I am in school and I have to write a program that will determine the gross pay, taxes, and net pay for an employee. I have to use if-else statements to choose the tax rate the employee needs.
Hours must be between 1-40 and pay rate is 1-100$
tax rate:
2500 = .45
2000 = .40
1500 = .35
1000 = .30
less than 1000 = .25
I have tried so many different ways to do this and I can't figure it out for the life of me. I went to a tutor today and he wanted me to 1st create a flow chart, I said I am having problems with that as well. Of course he didn't do that so i left, and now my fate is in your hands, lol. Thanks for the help.
Let's say I work 40 hours and earn $55 per hour. Can you tell me what my tax rate is?
If so, write down the steps you took to figure it out. There's your flowchart.
All that's left is to turn that into code.
yeah I can figure that out, thanks for the input. But I am talking about the entire flow chart from start to finish. I can't figure out what information needs to be in place and in what order, I have this problem with other programs as well. I am in week 5 and I just finished week 1 work, so I have a lot to catch up on lol. As far as code, I am lost as well, maybe someone can help me walk through it from start to finish and then I can give the code a shot. Again, thanks for the help.
If you can tell me my tax rate, then I don't see why you can't figure out my gross pay (which you already had to calculate in order to get the tax rate), taxes and net pay.
Again, write down step by step what you did to get any of these results.
Take things one step at a time. For this program you have only a few steps to take:
1. Figure out how many variables that you need.
2. Figure out what data type those variables should be.
3. Ask the user to enter hours worked and their pay rate.
4. Store those into your variables.
5. Do math; C = A * B where A is hours worked and B is pay rate.

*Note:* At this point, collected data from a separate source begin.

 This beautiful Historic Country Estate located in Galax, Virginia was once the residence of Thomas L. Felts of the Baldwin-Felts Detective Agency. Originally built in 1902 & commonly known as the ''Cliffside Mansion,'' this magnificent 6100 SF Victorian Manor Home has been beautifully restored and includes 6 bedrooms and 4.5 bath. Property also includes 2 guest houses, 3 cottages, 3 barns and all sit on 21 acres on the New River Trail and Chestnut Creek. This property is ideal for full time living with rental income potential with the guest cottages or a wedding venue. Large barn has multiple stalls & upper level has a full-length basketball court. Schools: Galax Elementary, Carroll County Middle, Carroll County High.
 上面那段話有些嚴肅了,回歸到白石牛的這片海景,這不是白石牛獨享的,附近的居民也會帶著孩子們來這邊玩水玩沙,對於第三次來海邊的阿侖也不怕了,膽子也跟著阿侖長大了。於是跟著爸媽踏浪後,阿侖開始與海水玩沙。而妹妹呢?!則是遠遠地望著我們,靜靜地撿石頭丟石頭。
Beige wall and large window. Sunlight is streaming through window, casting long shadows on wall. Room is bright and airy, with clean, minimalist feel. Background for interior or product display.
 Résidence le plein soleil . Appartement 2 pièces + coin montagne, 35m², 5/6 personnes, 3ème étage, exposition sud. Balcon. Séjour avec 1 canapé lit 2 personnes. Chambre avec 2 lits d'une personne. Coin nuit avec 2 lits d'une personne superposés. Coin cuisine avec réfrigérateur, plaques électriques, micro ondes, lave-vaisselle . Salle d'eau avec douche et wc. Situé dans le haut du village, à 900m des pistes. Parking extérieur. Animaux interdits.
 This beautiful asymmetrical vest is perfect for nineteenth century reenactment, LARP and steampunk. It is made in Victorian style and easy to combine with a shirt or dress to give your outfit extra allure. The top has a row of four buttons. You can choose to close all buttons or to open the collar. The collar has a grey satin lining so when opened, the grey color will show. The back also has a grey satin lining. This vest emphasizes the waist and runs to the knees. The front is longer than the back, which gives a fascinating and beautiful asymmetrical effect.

6. Make some if statements that will check to see what the tax rate is.
1 2 3 4
if (Earned >= 0 && Earned < 1000)
{
cout << "Tax Rate = 0.25%; Take Home Pay = " << Earned * 0.75 << endl;
}
There's really nothing to be 'chicken' about, it's not like "system(...)" where it's a preference of the users or the regular contributors. The stickey titled "Welcome -- read before posting!" is very clear:
Don't post homework questions
Programmers are good at spotting homework questions; most of us have done them ourselves. Those questions are for you to work out, so that you will learn from the experience. It is OK to ask for hints, but not for entire solutions.

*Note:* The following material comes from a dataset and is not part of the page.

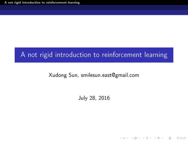 This talk will be a general introduction to reinforcement learning and some working examples to help people understand the basic concepts. It is most suitable to people who have a proper math background and machine learning background but lack some basic knowledge in reinforcement learning.
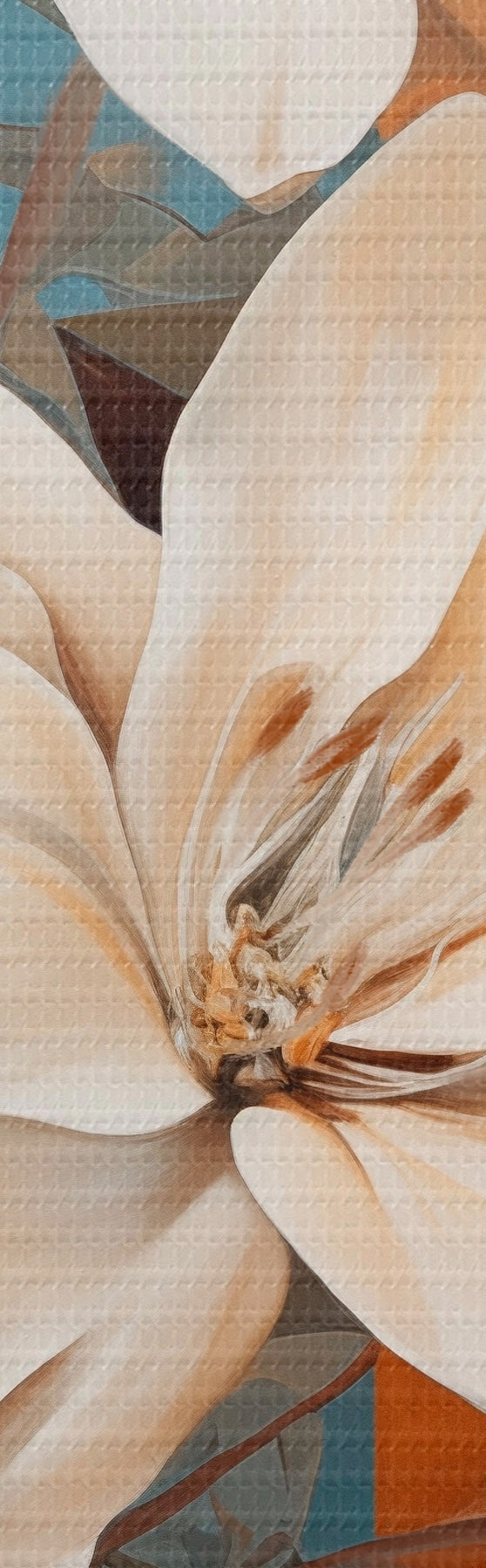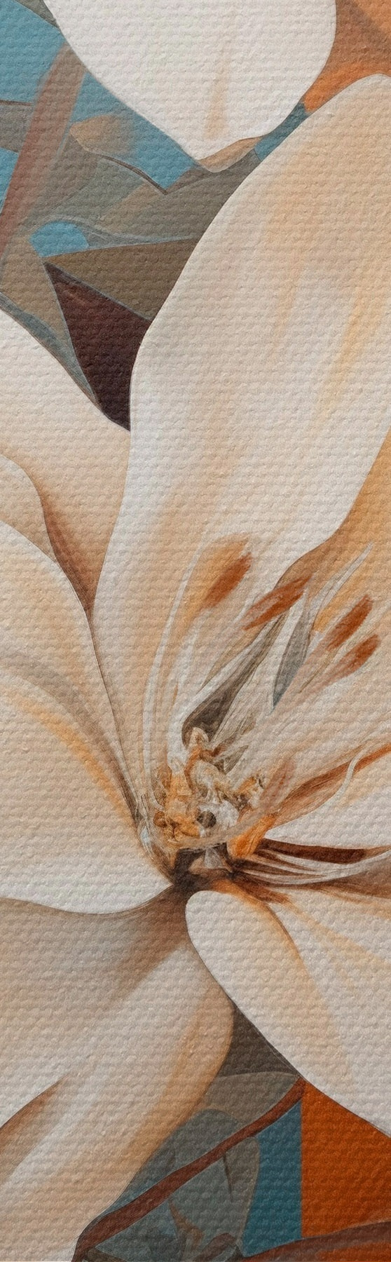 Pictură pe pânză Flori și frunze albe abstracte pe un fundal maro și albastru cu forme abstracte, într-un stil minimalist Nr s46710

EDIT: Now I suppose the OP didn't ask for a solution so no one is in direct violation of the rule. But Cheveytuff19 should have been aware of this sites policy.

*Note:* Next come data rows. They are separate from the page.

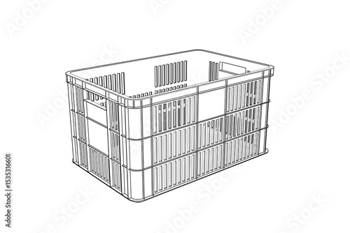 Detailed Wireframe Line Drawing of Plastic Carrying Crate - Monochrome Technical Illustration for Warehouse Storage and Transport Packaging - Simple Outline Schematic Vector Design Element Isolated
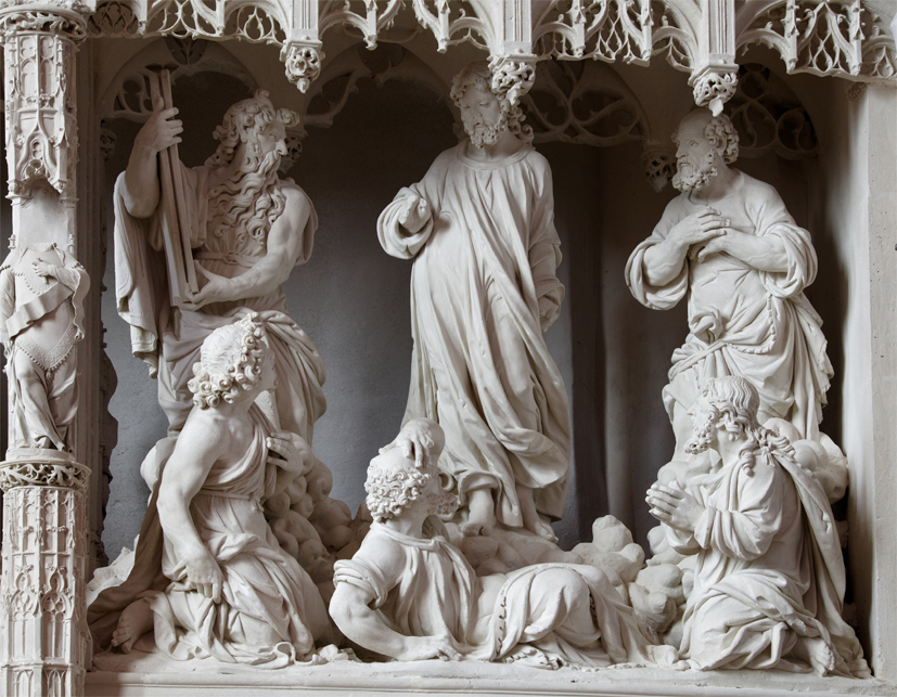 Au cours du XVIe siècle, le style glisse du gothique flamboyant à celui de la Renaissance qui se caractérise notamment par le rendu de l’anatomie, le mouvement des corps, l’expression des visages, le réalisme. Ces éléments contribuent à donner à cette scène une intensité dramatique. Ce groupe sculpté a subi des mutilations malheureusement irréversibles. Sur le pilier, une Fuite en Égypte, exécutée en bas-relief (photo de droite).
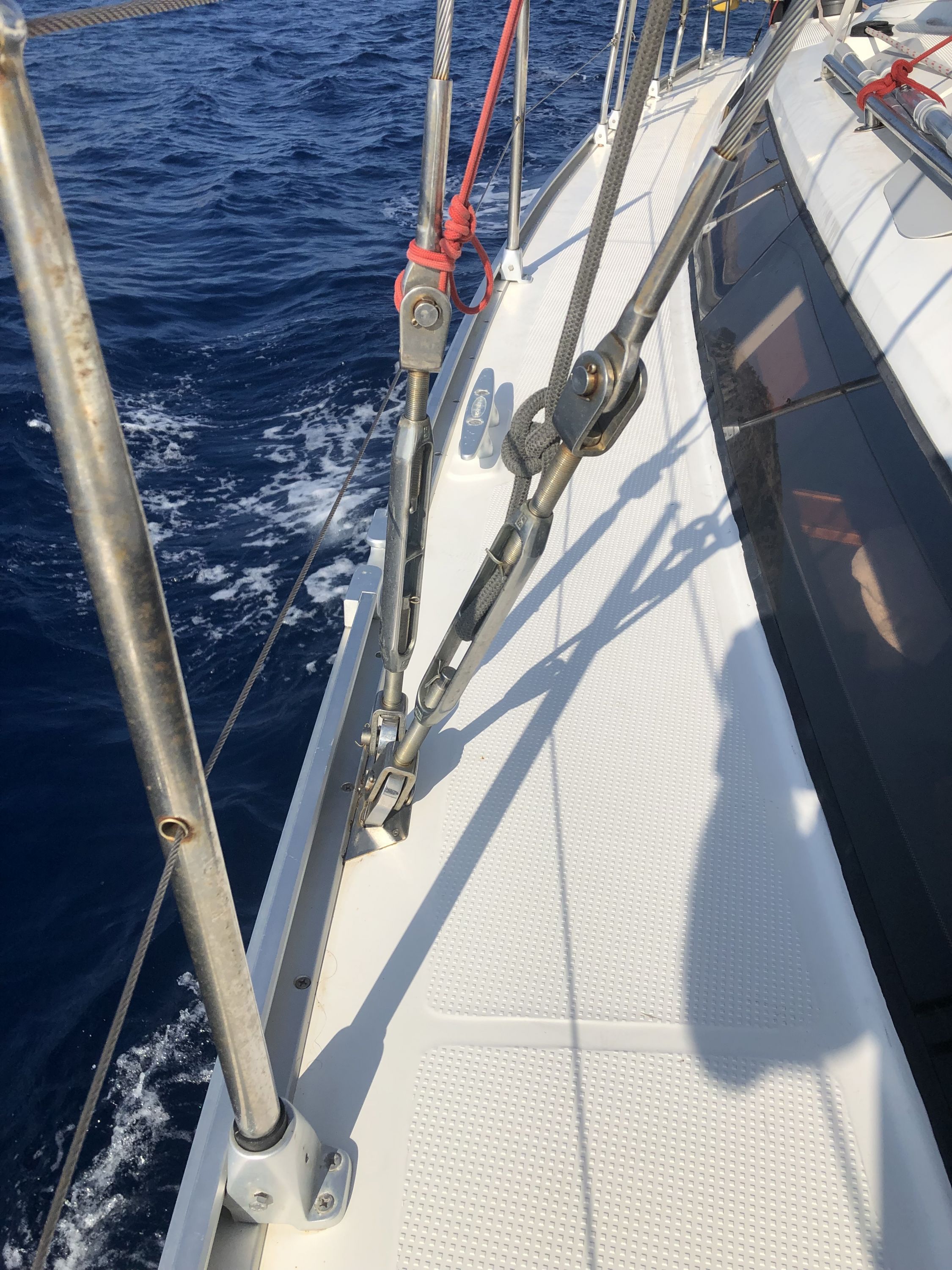 Diese Yacht weist doch schon "Alterserscheinungen" auf, bzw. zwangsläufig fehlende neue techn. Errungenschaften (z.B.die schwere Badeplattform läßt sich nur manuell mit 2 starken Personen öffnen/schließen, die Genua ist ein kleines

Edited to add: Maybe I just missed reading it, but I re-read the rules posted at the top of this forum and it never said anything about posting solutions to problems like I did. It did say not to ask for the code for homework problems, but nothing against posting code. If someone wants to just copy and paste code into a compiler for their homework, then they won't learn the code (hence, that will only negatively affect them), but I actually got a lot of value from studying code that works and comparing it to my code with which I was having issues.